Gradual loss of water pressure usually arises because of the accumulation of plumbing problems. For example, metal pipes corrode over time, and the more they corrode, the more rust deposits constrict the pipes. Similarly, water minerals can accumulate within your pipes or on fixtures (such as showerheads), gradually decreasing water pressure.

Consider Whether the Issue Is Recurrent

If you experience recurrent low water pressure, either you applied the wrong solutions in the past, or the problem's cause keeps reoccurring. For example, low water pressure due to corrosion should disappear once you replace or clean the affected pipe. If the issue reoccurs, the problem might not have been corrosion the last time.

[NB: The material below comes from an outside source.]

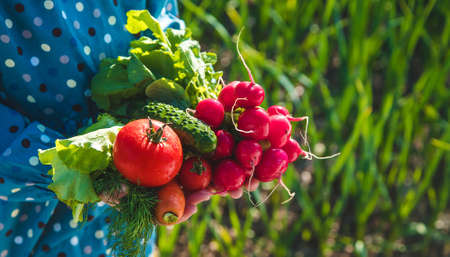 The child holds in his hands a lot of vegetables harvest from the garden. Selective focus. Food.

Recurrent low water pressure may also point to an aging plumbing system. This diagnosis is even more likely if the problem keeps popping up in different house parts. Say the problem has affected two bathrooms and the kitchen sink within the same year. It might be that the pipes are of the same approximate age range and have collected clogs, such as sediments, over the years.

Consider the Current Season

Some causes of low water pressure are more common in some seasons than others. For example, low winter temperatures can freeze pipes, blocking and lowering water pressure. In addition, freezing temperatures can burst water pipes, lowering the water volume flowing to your taps and fixtures.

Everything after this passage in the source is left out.